The futures game has great benefits for the chateaus, which play it expertly. In fact, they're really commodities brokers that see to it that their wines are distributed in every major market in the world at least two years before their release--and at ever-increasing prices. Even if there isn't much consumer demand for a not-so-good vintage, the vineyards are assured that the negociants will still buy their wine in order to guarantee an allocation in the next "hot" year. In turn, the negociants do the same to the importers, who pass the favor along to distributors and retailers. Top U.S. wine stores often have to take quantities of lesser vintages just to gain the privilege of paying ever-rising prices for the most coveted wines.

Of course, the futures game is much harder for consumers. If you want to buy futures, you have to check in with reviewers almost as soon as they taste a new vintage, typically in the spring following a fall harvest. (Reviews of the 2001 vintage are out now; you can find them in wine periodicals like Wine Spectator or on its Website, winespectator.com.) Prices for the wines appear in May, and the futures campaign begins in earnest in June, when consumers are finally allowed to buy. In exceptional vintages, like 2000, the rewards for buying early are often better than the stock market--especially recently. I purchased a case of Leoville-Barton 2000 for $600 last July; today that same case sells for $1,600. Even greater returns await those who can be patient. Consider the historic 1982 vintage, unequivocally one of Bordeaux's best. A colleague of mine bought futures on a case of Petrus for $595 in 1983; cases of that wine now sell at auction for more than $14,000.

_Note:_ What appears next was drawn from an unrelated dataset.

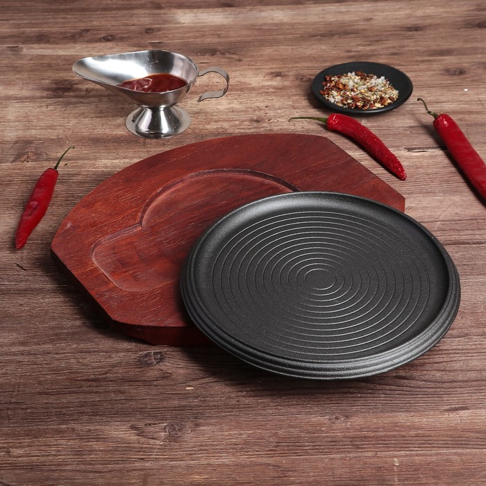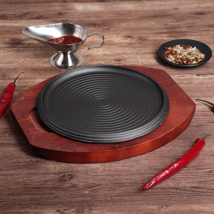 Сковорода 23 см "Круг. Спираль", на деревянной подставке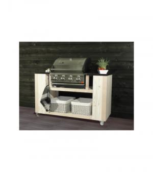• Barbecueframe: zwart geëmailleerd plaatstaal, rvs-branders met vlamoverloop en elektronische ontsteking. Frontpaneel rvs.

Unfortunately, while you can still buy 2000 Bordeaux, you'll probably have a hard time finding great bargains. The wine has become a little like an overpriced tech stock--many people want some, and they're willing to pay whatever it takes. If you're desperate, you can travel to Bordeaux and try talking some vintner out of a few choice bottles. But a more realistic solution is to stick with some of the lesser-known chateaus (see box). As I said, 2000 was a great year from top to bottom, and as long as you avoid the most bid-up cases, you'll probably be satisfied with what you get.

Keep in mind a few caveats. First, realize that early, unaged Bordeaux can sometimes be difficult to predict. All those differing aspects of the wine--fruitiness, acidity, etc.--develop at different stages and are rarely in balance early. So there's always a chance a bottle that's expensive now might not age well and might not be worth as much later on.

Also, understand that when buying futures, you get nothing for your money but a receipt for future delivery. So you should stick to reputable shops that have experience dealing with Bordeaux. Some safe bets are Morrell & Co. (morrellwine.com), Sherry Lehman (sherry-lehman.com), or Acker Merrall & Condit (ackerwines.com) in New York; Sam's (samswine.com) in Chicago; or Wally's (wallywine.com) in Los Angeles. Most of those stores will let you buy online.

Another strategy is to look ahead, to the 2001 vintage. As I write this, the reports coming out of Bordeaux are already promising. Some chateaus are comparing the Bordeaux of 2001 to those of 1986 and 1988--not as good as 2000 but still well-respected vintages. And since the coming futures campaign won't be as intense as 2000, you should be able to find some great wines at slightly less inflated prices.

Chris Wilford is the wine director at Triomphe, a restaurant in Manhattan.